[Sca-cooks] Oranges from Isabella
t.d.decker at worldnet.att.net
Sat Mar 29 17:20:58 PDT 2008
Interesting, Cassell's shows "die Limone" and "die Zitrone" as citron or
lemon, "su:sse Limone" as lime, "saure Limone" as lemon, and "Limone,
Limelle, Limette, and Zitronelle" all being used for lime at some point.
>As for preserved/salted lemons, they are called for in a few
>SCA-period Arabic-language recipes.
Rumpolt also calls for salted lemon "gesaltzenen Limonien" in recipes.
Modernly "Limonien" means lime, and "Zitrone" means lemon. There are also
mentions of "Zitron" and "Cytronen", but there are many more mentions of
Limonien than Zitron. I think that Limonien means lemon and zitron means
citron, but it's not entirely clear.
There also seems to be a difference between sweet lemons and sour ones.

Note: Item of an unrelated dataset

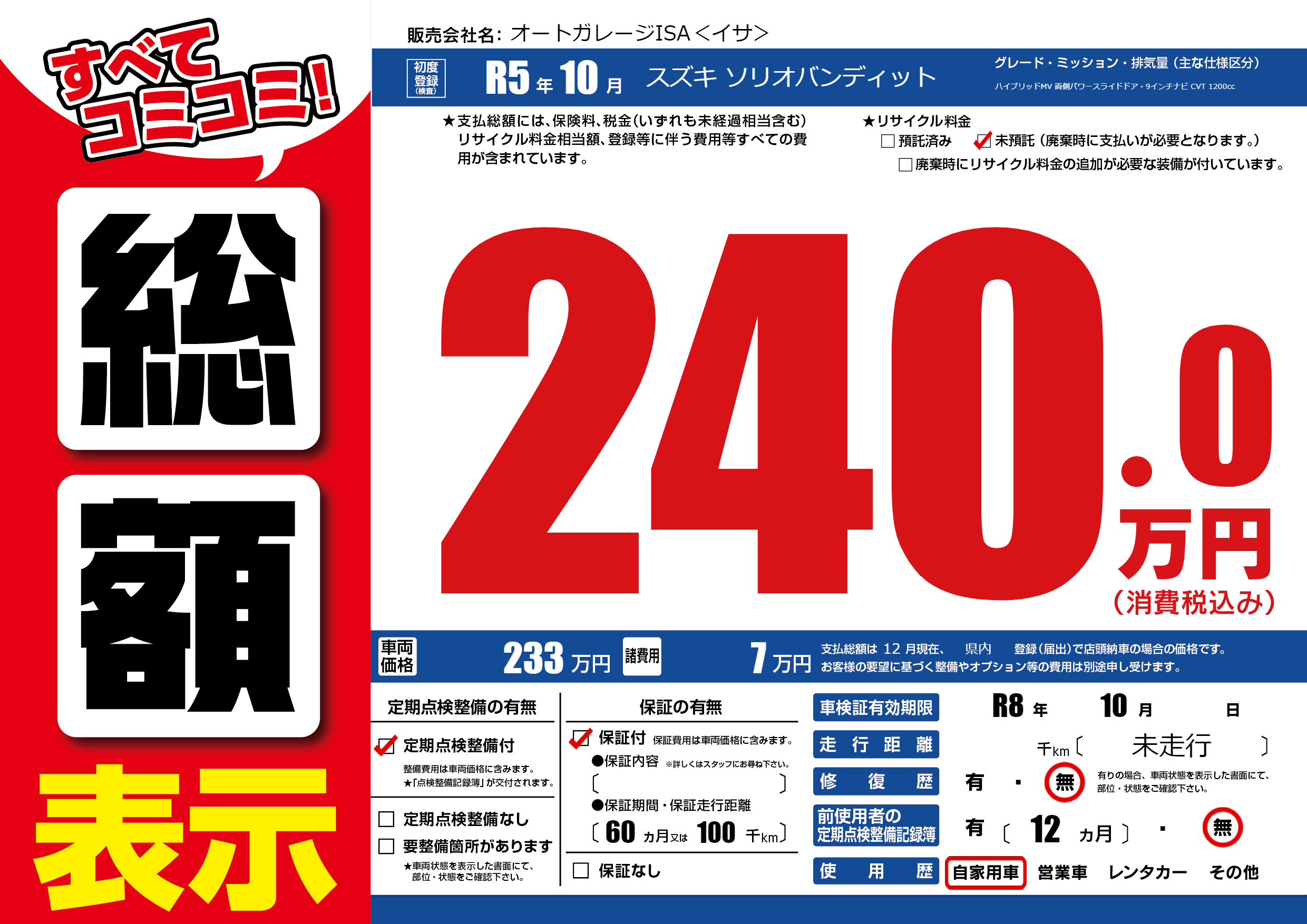 | 走行キロ | - | 初年度登録 | R5年10月 |

"Saur Limonien" could mean lime.
One menu has these subtleties, with an apparent visible difference between
"Limonien" and "Sour Limonien".
Cytronen von Mandeln gemacht.
Limonien von Mandeln gemacht.
Pomerantzen von Mandeln gemacht.
Saur Limonien von Mandeln gemacht.
And another menu:
Eyngemachte grüne saur Limonien.
"Pomerantzen" are Seville oranges, and are mentioned quite often too.